Brekingnews/ Banda Aceh agaranews.com.online – Dewan Perwakilan Rakyat Aceh (DPRA) bersama Komisi Pemberantasan Korupsi Republik Indonesia (KPK RI) menggelar rapat koordinasi strategis di Ruang Serbaguna Gedung DPRA, Jumat (24/10/2025). Pertemuan ini menjadi langkah penting dalam memperkuat sistem pencegahan korupsi sekaligus menekan potensi penyimpangan dalam penyusunan dan pelaksanaan Anggaran Pendapatan dan Belanja Daerah (APBD) Aceh.
Rapat yang dihadiri oleh pimpinan dan anggota DPRA bersama tim Koordinasi dan Supervisi (Korsup) Wilayah I KPK RI itu membahas sejumlah persoalan krusial seputar perencanaan, penganggaran, serta pengawasan penggunaan anggaran publik.
Kasatgas Korsup Wilayah I KPK RI menegaskan bahwa banyak kasus korupsi di daerah berawal dari lemahnya perencanaan dan minimnya transparansi dalam penyusunan APBD. Karena itu, KPK mendorong sinergi yang lebih kuat antara legislatif dan eksekutif untuk memastikan kebijakan anggaran benar-benar berpihak pada kepentingan rakyat.
> “KPK hadir bukan untuk mencari kesalahan, tapi untuk memastikan tidak ada ruang gelap dalam pengelolaan uang negara.

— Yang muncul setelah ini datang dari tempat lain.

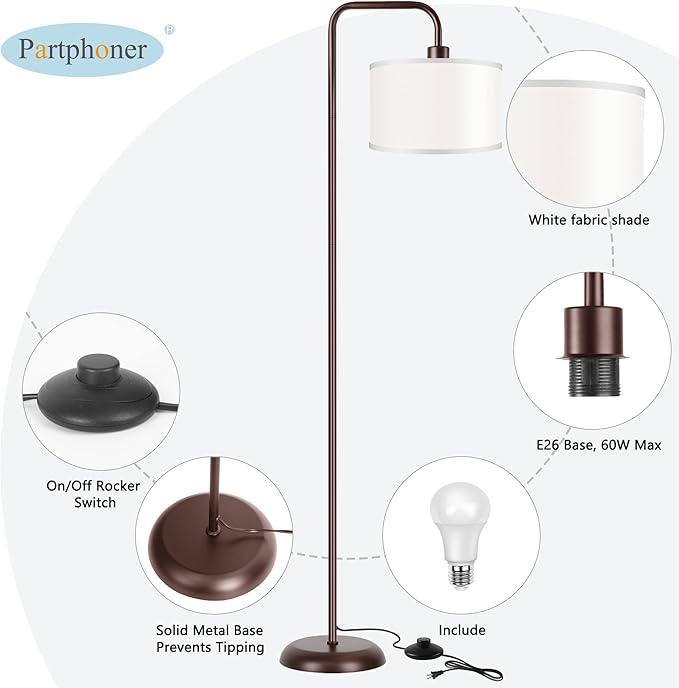 PARTPHONER LED Floor Lamp for Living Room, 3 Color Temperature, with Foot Switch, 9W Bulb Included, Oil Rubbed Bronze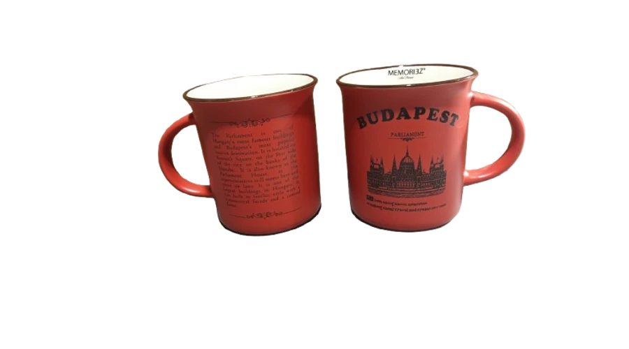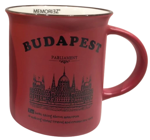 Bögre a Souvenir1 ajándék nagykereskedés kínálatában. Rengeteg színben, mintával kaphatók még szuvenír bögrék. Budapest főbb nevezetességeivel - Parlament, Budai Vár, Halászbástya, Lánchíd - ellátott színes kávés bögre, kerámia kanállal.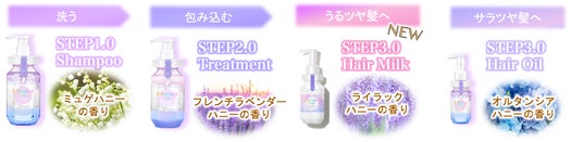 シャンプーはフランス産スズラン*9を使用したミュゲハニー、ヘアトリートメントはフランス産ラベンダー*10を使用したフレンチラベンダーハニーの香り、ヘアミルクはヨーロッパ産ライラック*11を使用したライラックハニーの香り、ヘアオイルは国内産アジサイ*12を使用したオルタンシアハニーの香りを採用。上品で華やかなフローラルが重なる香りをアイテムごとにお楽しみいただけます。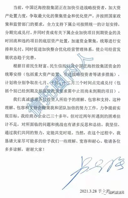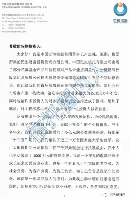 原標(biāo)題: 民生信托暴雷實錘!實控人盧志強(qiáng)致投資人函曝光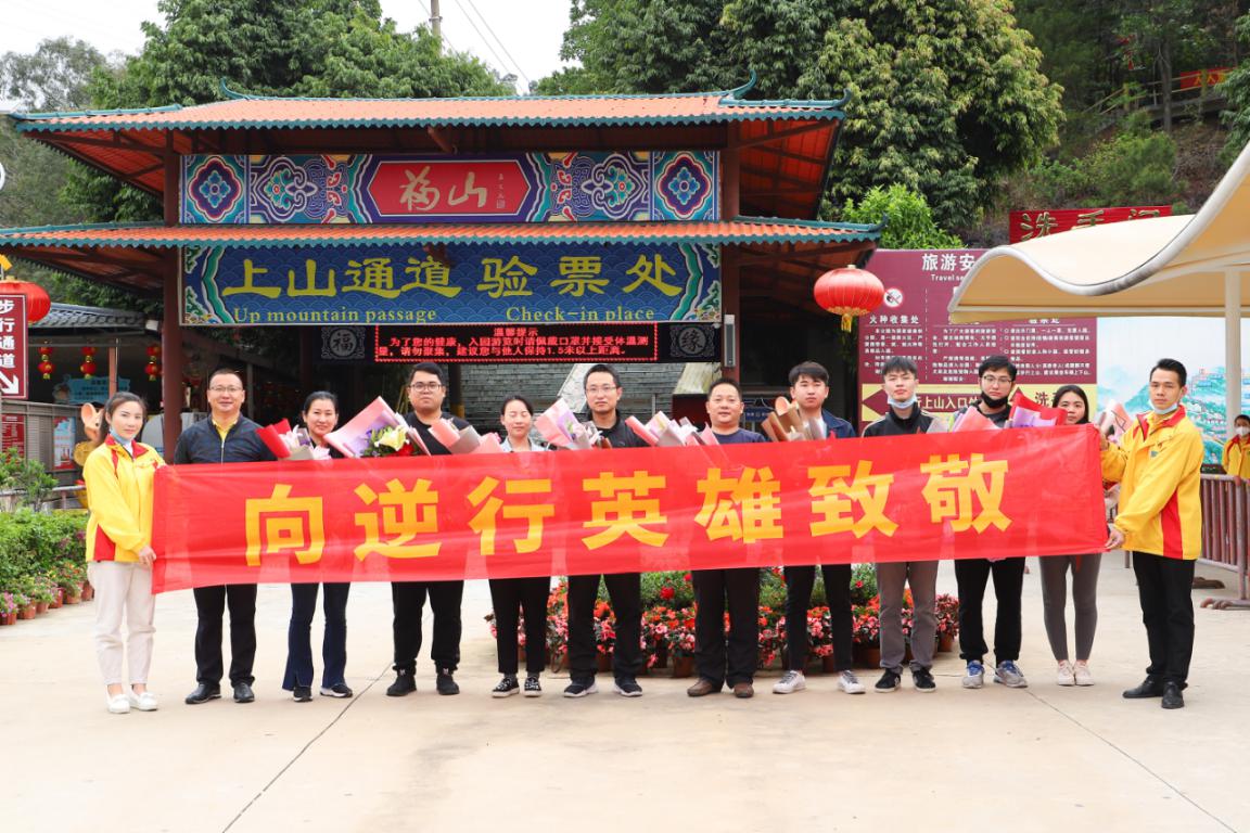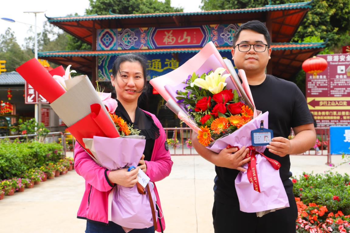 春天來臨,萬物復(fù)蘇,“春游踏青”再次成為了市民游客熱度極高的出游主題,也成為了連日奮戰(zhàn)的醫(yī)務(wù)工作者解壓放松、療養(yǎng)身心的出游選擇。恰逢周末,觀音山迎來了一批來自東莞市人民醫(yī)院、東莞東華醫(yī)院和康華醫(yī)院的醫(yī)護(hù)工作者們免費入園游玩,景區(qū)特意為每位醫(yī)護(hù)人員鮮花,致以敬意和感謝。此時的觀音山,正值花開滿園之際,山間的微風(fēng)夾雜著清新的森林空氣,醫(yī)務(wù)工作者們乘坐觀光車沿途而上,在攬秀臺前觀賞嬌艷的三角梅;登頂觀音山,醫(yī)護(hù)人員們不禁感慨開闊的視野和養(yǎng)眼的美景,并在吉祥苑中、同心鎖側(cè)、鵲橋上賞景,為家人、朋友、愛人許下健康喜樂的心愿。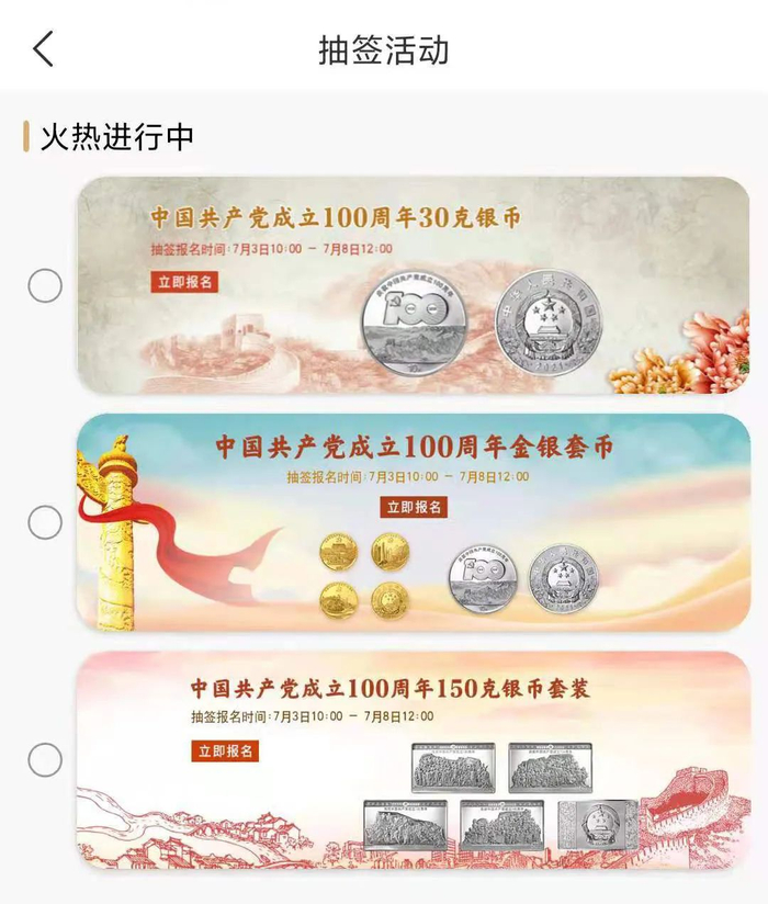 金币云商于7月3日-7月8日通过APP开展了建党百年金银币首批抽签报名活动。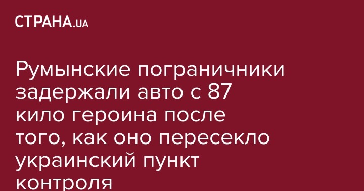 Румынские пограничники задержали авто с 87 кило героина после того, как оно пересекло украинский пункт контроля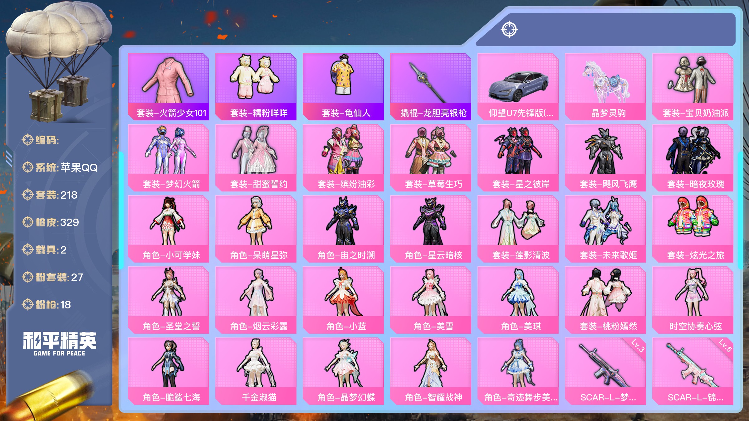 苹果 手Q-14粉装-2特效枪-2载具-3粉色飞行器-45428热力值-1王牌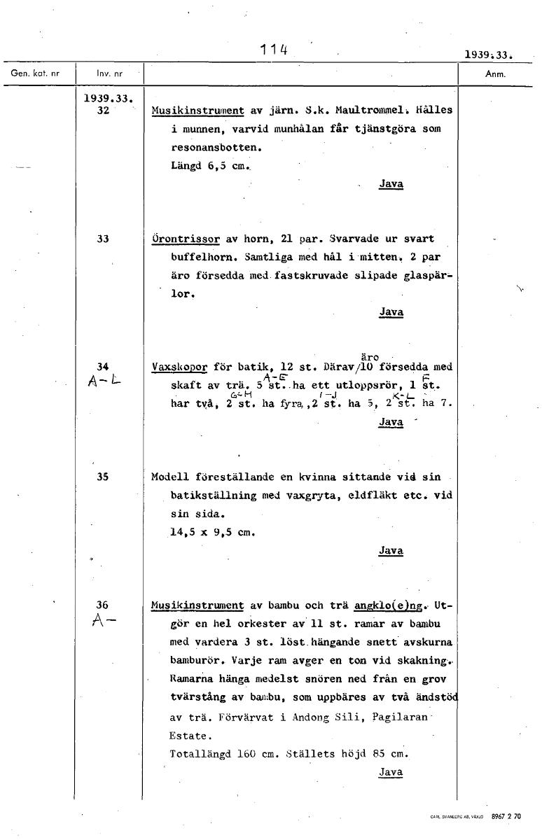 • 1 1 4 1939133. 1939.33. 32 Musikinstrument av järn. S.k. Maultrommel. Hålles i munnen, varvid munhålan får tjänstgöra som resonansbotten. Längd 6,5 cm, Java 33 Örontrissor av horn, 21 par. Svarvade ur... Visa hela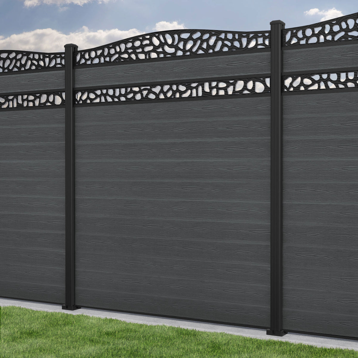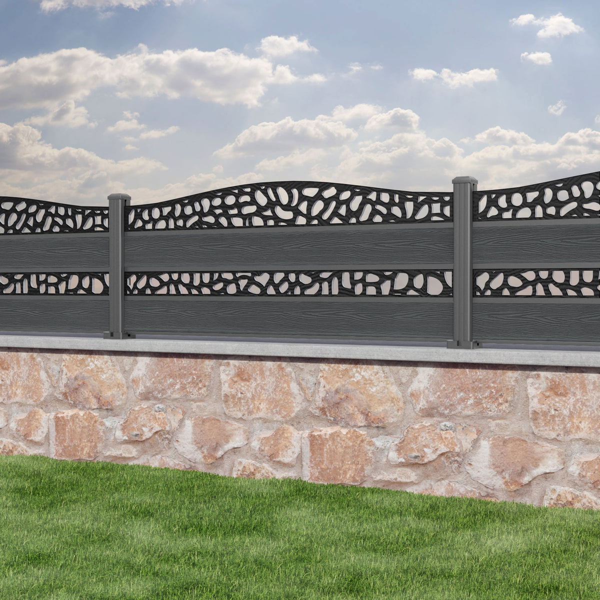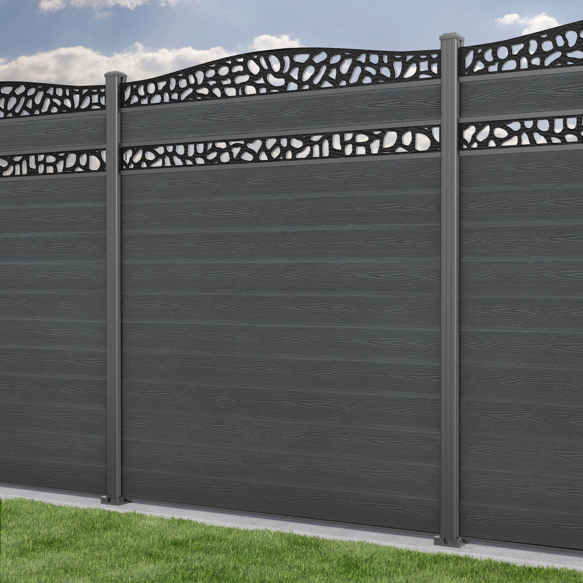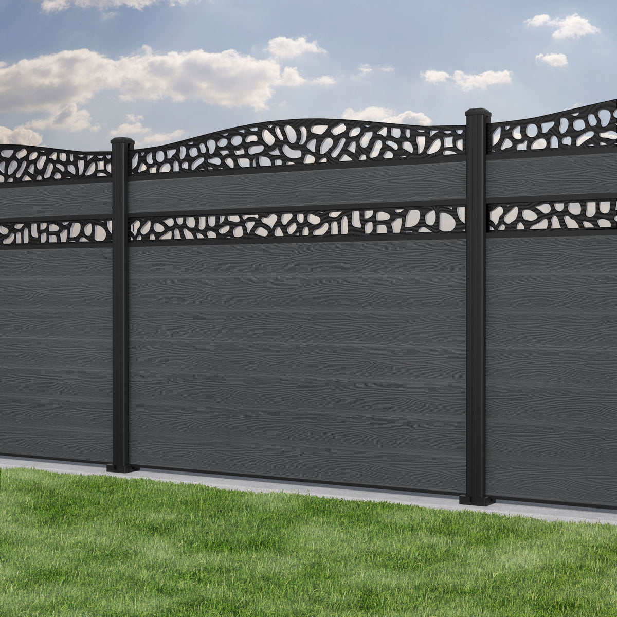 Classic Pebble Curved Top Split Screen Fence Panel Dark Grey - with our aluminium posts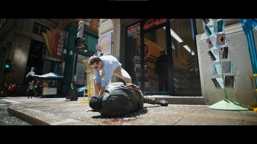 Now on its own merits, regardless of what ambitions it has or movies that it reminded me of, it’s pretty solid. The action itself isn’t gonna give the Fast movies or the MCU a run for its money, but it gets the job done and is held up by the solid performance by Ryan Renolds. You don’t make a movie like this without a star to carry it, and while it’s far from his BEST work, you can’t deny that Reynolds brings a lot to the table whenever he shows up in something and he is one of the reasons this film elevates itself ever so slightly above the standard Blockbuster fare. It could have just been another Ready Player One where the spectacle and references overtake any semblance of a story but Reynolds finds the humanity in his character that manages to peak out underneath the goofy caricature he plays throughout the movie. Guy as a happy go lucky oblivious fool constantly surprised by the world around him can come off as obnoxious when he’s in the middle of something and still can’t grasp the gravity of his situation, but his longing and sadness become evident as the movie goes along and his ambition to change all that helps to make him endearing. And again, pawning Gamer Noobs is always fun to watch!

Semua proses harus terbuka, terukur, dan dapat dipertanggungjawabkan,” tegas perwakilan KPK RI dalam arahannya.
Sementara itu, Ketua DPRA H. Ali Basrah, S.Pd, MM menyatakan pihaknya menyambut baik pendampingan dari KPK. Ia menilai langkah ini sebagai bentuk komitmen bersama untuk memperkuat integritas dan akuntabilitas lembaga legislatif di Aceh.
> “Kita tidak ingin lagi mendengar ada kebocoran anggaran atau proyek yang tidak menyentuh masyarakat. Setiap rupiah dari APBD harus memberi manfaat nyata bagi rakyat Aceh,” ujar Ali Basrah dengan nada tegas.
Dalam rapat tersebut, hadir pula Wakil Ketua I Zulpadli, Wakil Ketua III Salihi, serta para ketua fraksi dan anggota dewan lainnya. Mereka sepakat bahwa pengawasan internal di tubuh DPRA perlu diperkuat agar proses legislasi dan penganggaran berjalan sesuai prinsip good governance.
Rapat koordinasi ini juga menandai keseriusan KPK dalam mengawal transparansi daerah. Langkah ini diharapkan menjadi sinyal tegas bahwa Aceh siap membangun sistem pemerintahan yang bersih dan bebas dari praktik korupsi — bukan sekadar slogan, tapi gerakan nyata menuju perubahan.